Context Information Refinement for Few-Shot Object Detection in Remote Sensing Images

Citation: Wang, Y.; Xu, C.; Liu, C Li, Z. Context Information Refinement for Few-Shot Object Detection in Remote Sensing Images. Remote Sens. 2022, 14, 3255. https:// doi.org/10.3390/rs14143255

This repo contains the implementation of our state-of-the-art few-shot object detector for remote sensing images, described in our paper, Context Information Refinement for Few-Shot Object Detection in Remote Sensing Images. CIR-FSD is built upon the codebase FSCE and FsDet v0.1, which released by an ICML 2020 paper Frustratingly Simple Few-Shot Object Detection.

Installation

FsDet is built on Detectron2. But you don't need to build detectron2 seperately as this codebase is self-contained. You can follow the instructions below to install the dependencies and build FsDet. CIR-FSD functionalities are implemented as classand .py scripts in FsDet which therefore requires no extra build efforts.

Dependencies

Linux with Python >= 3.6
PyTorch >= 1.3
torchvision that matches the PyTorch installation
Dependencies: pip install -r requirements.txt
pycocotools: pip install cython; pip install 'git+https://github.com/cocodataset/cocoapi.git#subdirectory=PythonAPI'
fvcore: pip install 'git+https://github.com/facebookresearch/fvcore'
OpenCV, optional, needed by demo and visualization pip install opencv-python
GCC >= 4.9

Build

python setup.py build develop  # you might need sudo

Note: you may need to rebuild FsDet after reinstalling a different build of PyTorch.

Data preparation

Our model supports two datasets: DIOR and NWPU VHR-10, both datasets are processed into VOC 2007 format.

DIOR: We randomly split the 20 object classes into 15 base classes and 5 novel classes.

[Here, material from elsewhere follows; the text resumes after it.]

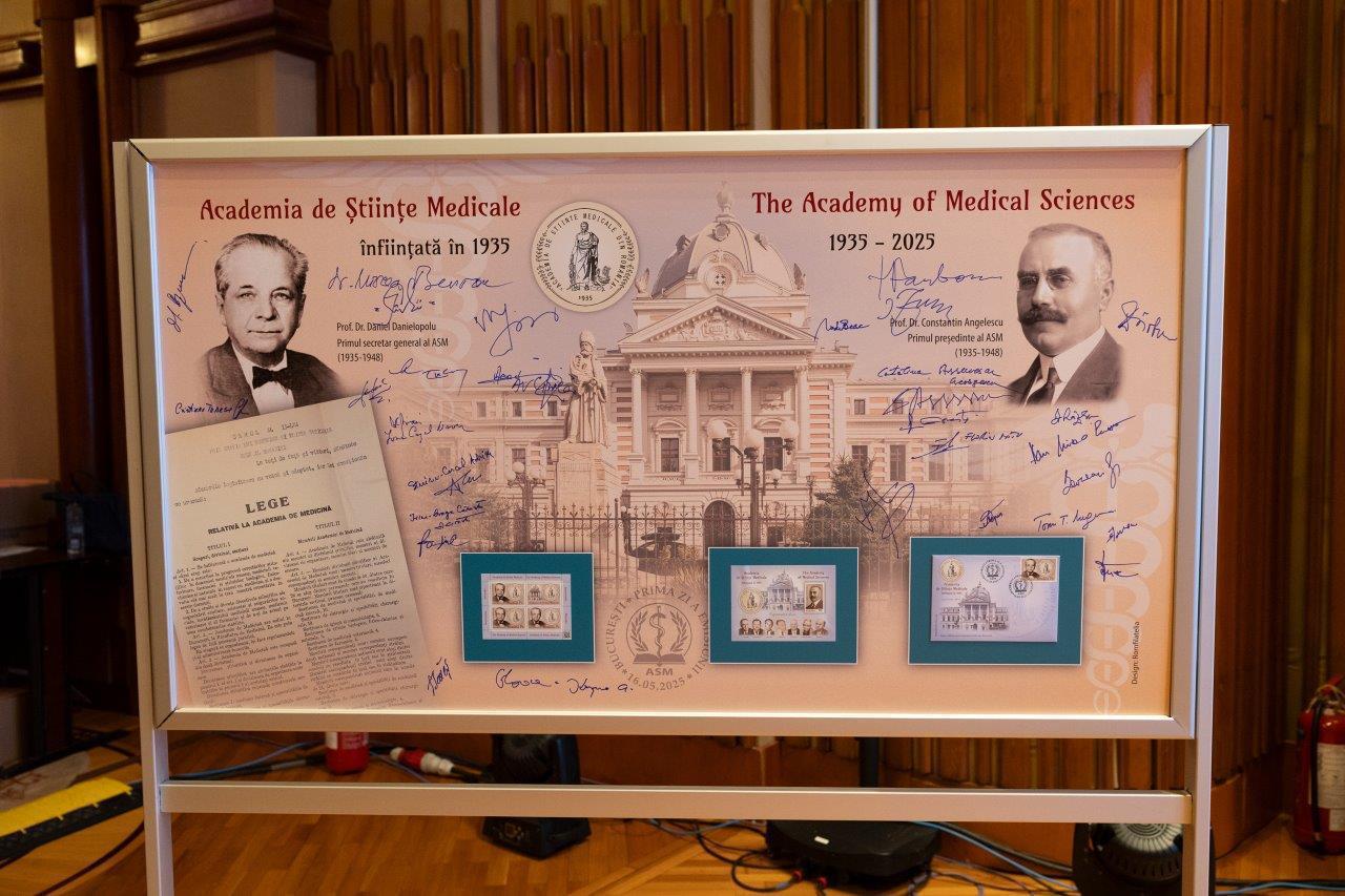 Cu prilejul celebrării unei instituții care reprezintă valorile practicii și cercetării medicale românești, o emisiune filatelică „Aniversări. Academia de Științe Medicale”, introdusă în circulație de Romfilatelia, vineri, 16 mai a.c., marchează împlinirea a 90 de ani de la înființarea unui for științific de înaltă ținută și autoritate, component activ al patrimoniului internațional al științelor medicale.

The splits can be found in fsdet/data/datasets/builtin_meta.py.
NWPU VHR-10: We randomly split the 10 object classes into 7 base classes and 3 novel classes.

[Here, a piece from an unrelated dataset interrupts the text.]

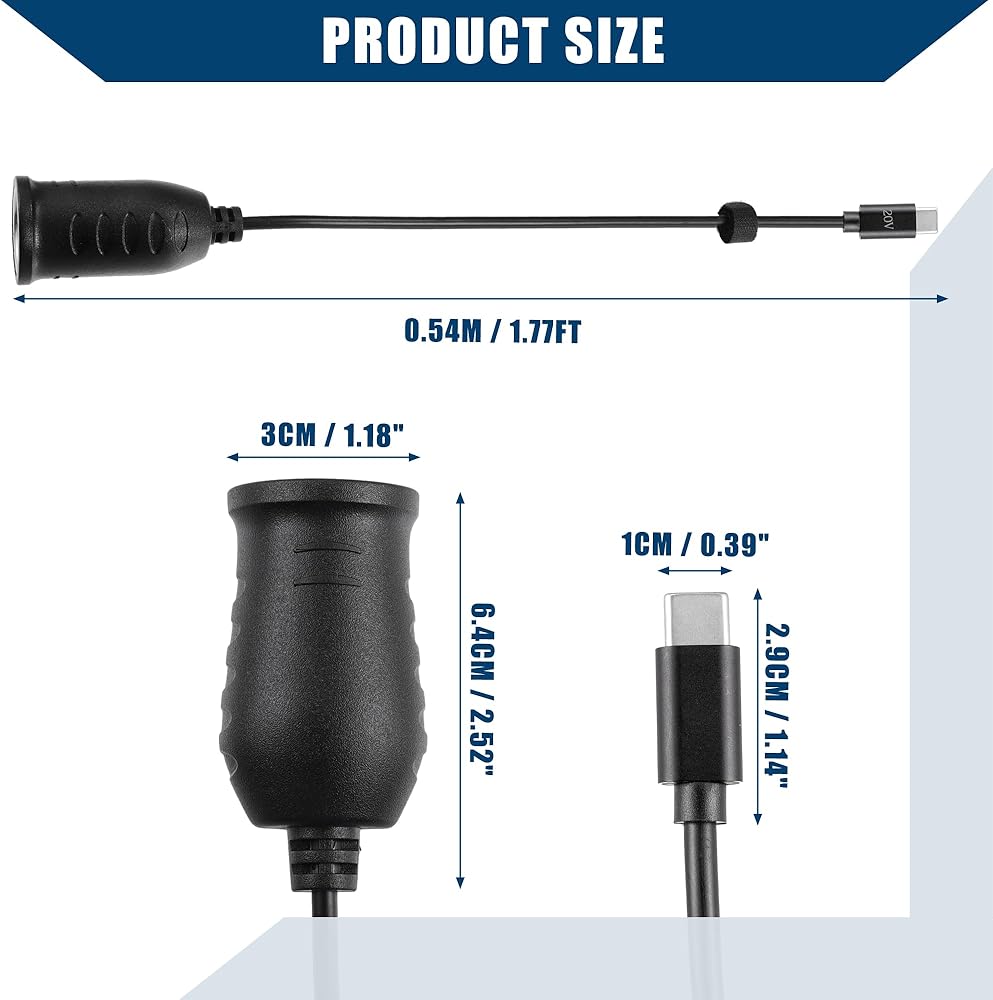 PACKAGE LIST: 1 Pcs USB Type C Cigarette Lighter Cable.

The datasets and data splits are built-in, simply make sure the directory structure agrees with datasets/README.md to launch the program.

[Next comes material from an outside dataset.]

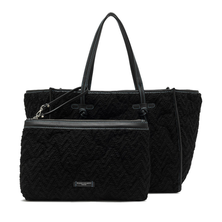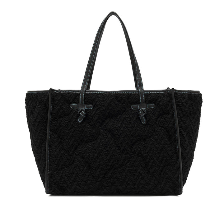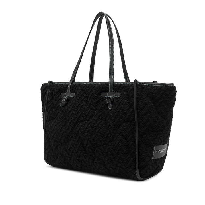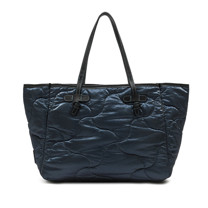 La shopping Marcella è realizzata in tessuto double-face trapuntato, composto da un tessuto spigato di lana da un lato e nylon dall'altro. Dotata di manici in pelle e di una comoda chiusura tramite magnete, è ideale per connotare di stile i look invernali. Dimensioni: 38x31x16 cm.

The default seeds that is used to report performace in research papers can be found in dataset/vocsplit/seed.

Code Structure

The code structure follows Detectron2 v0.1.* and fsdet.

configs: Configuration files (YAML) for train/test jobs.
datasets: Dataset files (see Data Preparation for more details)
fsdet
- checkpoint: Checkpoint code.
- config: Configuration code and default configurations.
- data: Dataset code.
- engine: Contains training and evaluation loops and hooks.
- evaluation: Evaluation code for different datasets.
- layers: Implementations of different layers used in models.
- modeling: Code for models, including backbones, proposal networks, and prediction heads.
  - The majority of CIR-FSD functionality are implemtended inmodeling/backbone/backbone.py , modeling/backbone/FPN.py, and layers/attention.py
  - So one can first make sure FsDet v0.1 runs smoothly, and then refer to CIR-FSD implementations and configurations.
- solver: Scheduler and optimizer code.
- structures: Data types, such as bounding boxes and image lists.
- utils: Utility functions.
tools
- train_net.py: Training script.
- test_net.py: Testing script.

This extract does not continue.